In any mature Kubernetes environment, the native Role-Based Access Control (RBAC) system is the bedrock of security, dictating who can perform what actions on which resources. However, its scope is limited to authorizing actions, not validating the content of the resources being created or updated. This leaves a significant governance gap. For instance, RBAC can't enforce policies such as:

  • All Deployment resources must include an owner label for cost allocation and accountability.
  • Container images must originate exclusively from a trusted corporate registry (e.g., gcr.io/my-company/*).
  • Ingress objects must not use wildcard hosts (*.example.com) in production namespaces.
    • Custom Resource Definitions (CRDs) must conform to a specific internal schema beyond basic OpenAPI validation.

    With the deprecation of PodSecurityPolicy (PSP), the responsibility for enforcing such fine-grained, business-logic-driven policies shifts squarely to admission controllers. While frameworks like OPA/Gatekeeper and Kyverno offer powerful policy-as-code solutions, they introduce their own abstractions (like the Rego language) and performance characteristics. For ultimate control, performance, and integration with internal systems, building a custom Dynamic Admission Controller provides an unparalleled solution.

    This post is a deep dive for platform engineers and SREs on building, deploying, and operating a production-ready validating admission webhook in Go.
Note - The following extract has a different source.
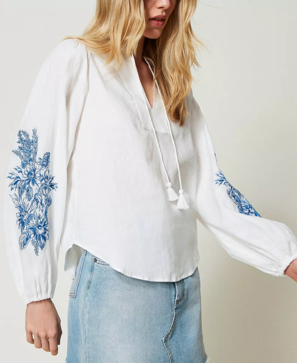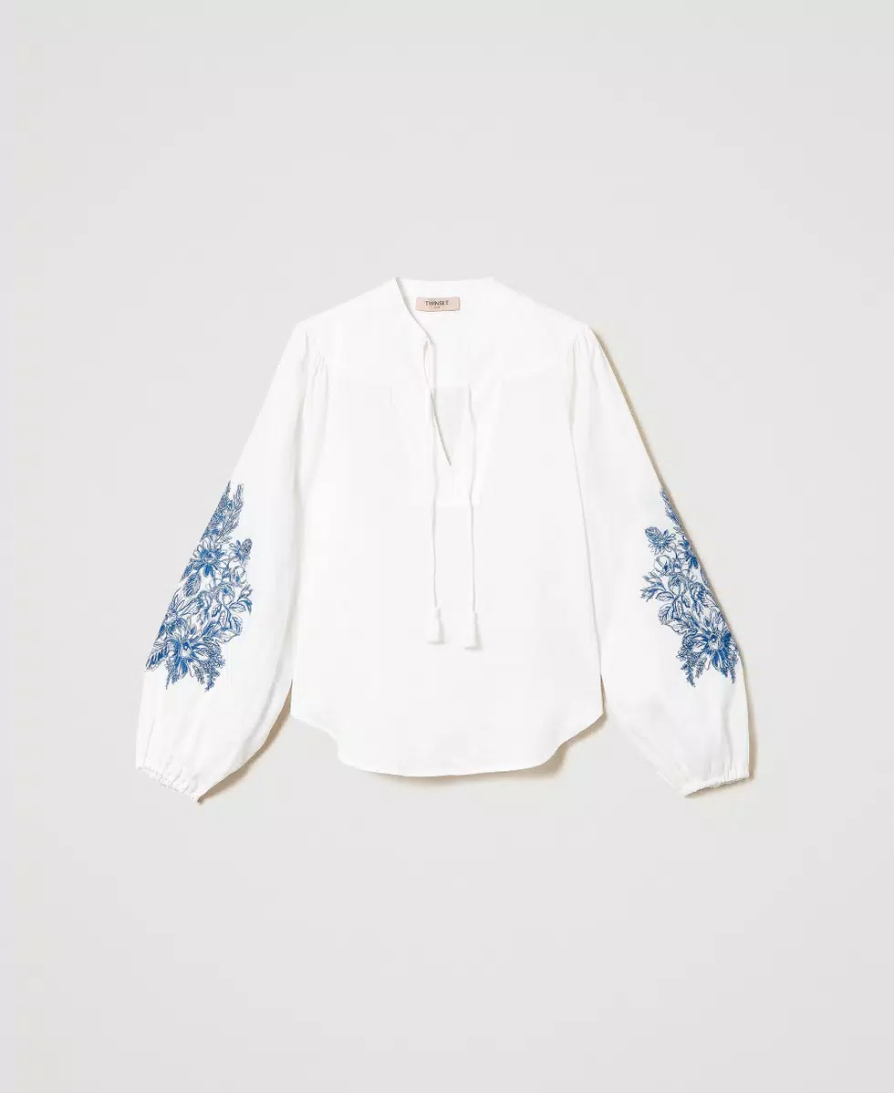 Fresco, refinado, contemporáneo. Renueva tu estilo con la blusa de tela de lino con bordado de hilos florales, un diseño exclusivo de Twinset. Tiene una línea ancha, cuello mao con abertura en V, remates de lazo y borla, mangas largas raglán con elástico forrado en los puños, canesú fruncido, dobladillo redondeado, placa con el logotipo Oval T en la espalda, sin forro. Será la pieza de culto de tus looks de temporada.

We will skip the basics and focus on the architecture, implementation details, and operational realities of running such a critical component in your control plane.

    Kubernetes API Request Lifecycle: The Admission Controller's Role

    Before we write a single line of Go, it's critical to understand precisely where our webhook fits into the Kubernetes API server's request flow. When a client (like kubectl) sends a request to create or update a resource, it passes through several stages:

  • Authentication: The requestor's identity is verified.
  • Authorization: RBAC checks if the authenticated user is permitted to perform the requested action.
  • Mutating Admission: A series of mutating admission webhooks are called sequentially. These can modify the incoming object. A common example is a service mesh sidecar injector.
  • Object Schema Validation: The API server validates that the (potentially mutated) object conforms to its schema (e.g., a Deployment has a valid spec).
  • Validating Admission: This is our domain. A series of validating admission webhooks are called, often in parallel. These webhooks can inspect the object and reject the request, but they cannot modify the object. Our policy enforcement logic lives here.
  • Persistence: If all checks pass, the object is written to etcd.
  • Our focus is on the ValidatingAdmissionWebhook. By intercepting requests at this stage, we can enforce complex invariants without altering the user's original intent, providing clear, immediate feedback on policy violations.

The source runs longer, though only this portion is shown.